ASU's latest art exhibit is a gentle reminder of our role in the environment.

Horse #2

Horse #2 by Deborah Butterfield, a piece at the New Animist exhibit at the ASU Art Museum. 


ASU's latest art exhibit, the New Animist, sits just below the scalding concrete surface of Mill Avenue in a well-ventilated gallery in the university's climate-controlled art museum — a fitting time and place for an exhibit about climate change. 

On display since July 16, the exhibit lands squarely in the hottest chunk of the year and seeks to address the environmental issues the planet faces through an artistic lens. 

2015 was the hottest year on record, and the New Animist looks to make visitors aware of that issue and others the planet faces.

"(The show) peripherally discusses problems like overmining and excessive deforestation, there are some things that suggest being more respectful to our water," the show's curator, Kev Nemelka said.

"Whether people actually accept the philosophy of new animism is kind of up to them, but I hope that it starts conversations about how we use things around us, and whether we can use them more sparingly or a little more intelligently."

This is the repeated theme throughout the exhibit. Each work seeks to remind visitors that, as a part of nature, they should care about nature's problems.

"There's a piece right in the center that talks about environmental change," ASU art museum employee Garrhett Kidd said. "You'll see all these pieces of clay sculpture, they kind of look like jewels, and you'll see that they have words on them: environmentalism, ocean, litter."

The exhibit explores other ways to remind visitors of the importance of environmentalism. In the far right corner of the room stands a large replica of a lotus flower. 

"They are sentient enough to open themselves up and regulate their temperature, and it's something I've never even considered," Kidd said.



In fact, a study by Dr. Paul Schultze-Motel and Dr. Roger S. Seymour of the University of Adelaide found that lotus flowers were able to maintain an internal temperature as high as 95 degrees Fahrenheit when immersed in a 50 degree environment. 

"It speaks to that philosophy of things being alive in a way that humans can't really understand," Kidd said. 

By displaying qualities humans share with the rest of nature, the show hopes visitors at least begin this process of understanding the world around them.

In this sense, the New Animist takes a different approach than many when trying to address climate change.

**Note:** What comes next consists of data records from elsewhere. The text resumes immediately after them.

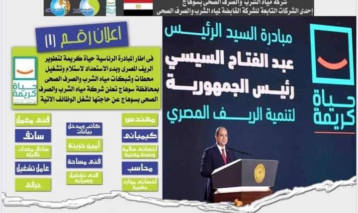 فى اطار المبادرة الرئاسية لتطوير الريف المصرى حياة كريمة وبدء الاستعداد لاستلام وتشغيل محطات وشبكات مياه الشرب والصرف الصحى بسوهاج اعلن المهندس محمد صلاح الدين عبد الغفار رئيس مجلس ادارة شركة مياه الشرب والصرف الصحى بسوهاج والعضو المنتدب عن اتاحة فرص عمل للخريجين فى 14 تخصص تشمل وظائف مهندس وكيميائى واخصائى سلامة وصحة مهنية ومحاسب واخصائى موارد بشرية وكاتب ومدخل بيانات وامين خزينة وفنى مساحة وفنى تشغيل وصيانة وفنى معمل وسائق وسائق معدات ثقيلة وعامل تشغيل وحرفى.
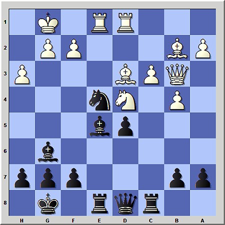 Für den ersten Sieg hatte ich selbst gesorgt, allerdings auf ausgesprochen kuriose Art und Weise: Nach zu schematischer Eröffnungsbehandlung meines Gegners konnte ich in der Diagrammstellung ein bereits entscheidendes Opfer anbringen:
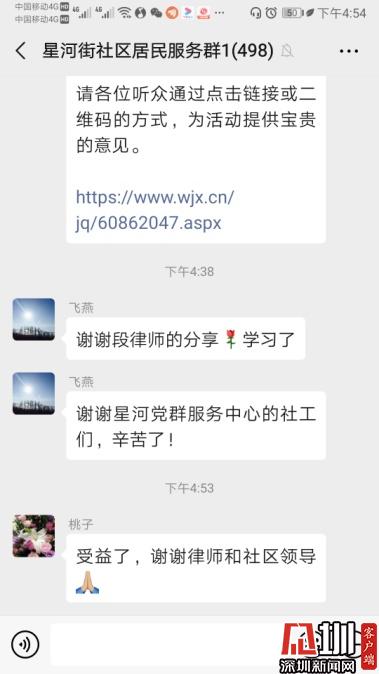 講座還未開始,廣大居民已在線上等待。看到一些居民不太熟悉線上操作,社區(qū)的網(wǎng)格員們紛紛自發(fā)行動,充當(dāng)起各居民群里的網(wǎng)絡(luò)專家,為大家答疑解惑。本次講座主要涉及家庭暴力的立法、執(zhí)行和救濟(jì)等法律問題。段律師以最近網(wǎng)絡(luò)上廣泛關(guān)注的“美妝博主宇芽被家暴”的案例為切入點(diǎn),通過分析家庭暴力案件的相關(guān)數(shù)據(jù),闡釋了我國《反家庭暴力法》的立法背景以及實施的現(xiàn)狀,并為大家講解在生活中遇到家庭暴力時如何通過法律手段維權(quán),受到大家的一致好評。本次講座收聽人數(shù)達(dá)1500人次,課后大家仍然熱情不減,繼續(xù)在線上相互溝通交流家庭暴力問題。

Rather than focus on how the changes will affect humankind, the exhibit shows how the ambient environment has a life of its own and that it's worth protecting. 

This all ties back to a term echoed throughout the show: posthumanism, an ideology that shifts man from the center of the biological realm to a niche, on even ground with the rest of nature. 

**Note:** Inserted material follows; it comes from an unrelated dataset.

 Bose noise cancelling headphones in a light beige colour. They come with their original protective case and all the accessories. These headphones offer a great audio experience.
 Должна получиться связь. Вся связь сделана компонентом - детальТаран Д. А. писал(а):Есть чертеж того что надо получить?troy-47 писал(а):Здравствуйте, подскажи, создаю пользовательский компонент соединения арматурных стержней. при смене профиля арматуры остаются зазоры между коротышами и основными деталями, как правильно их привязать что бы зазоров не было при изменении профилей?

To some, however, the intent of the New Animist is not so clear. 

"If anything, they're probably using up more resources than raising awareness," museum visitor Preston Marshall said.

Nemelka noted this apparent hypocrisy and offered his own reasoning. 

"There's a writer named T.J. Demos, who talks about how even though art shows like this are themselves unsustainable, we still need these kinds of shows because without awareness we'll never really get to the solution," Nemelka said.

The New Animist will showcase its approach to environmental conservation until September 3.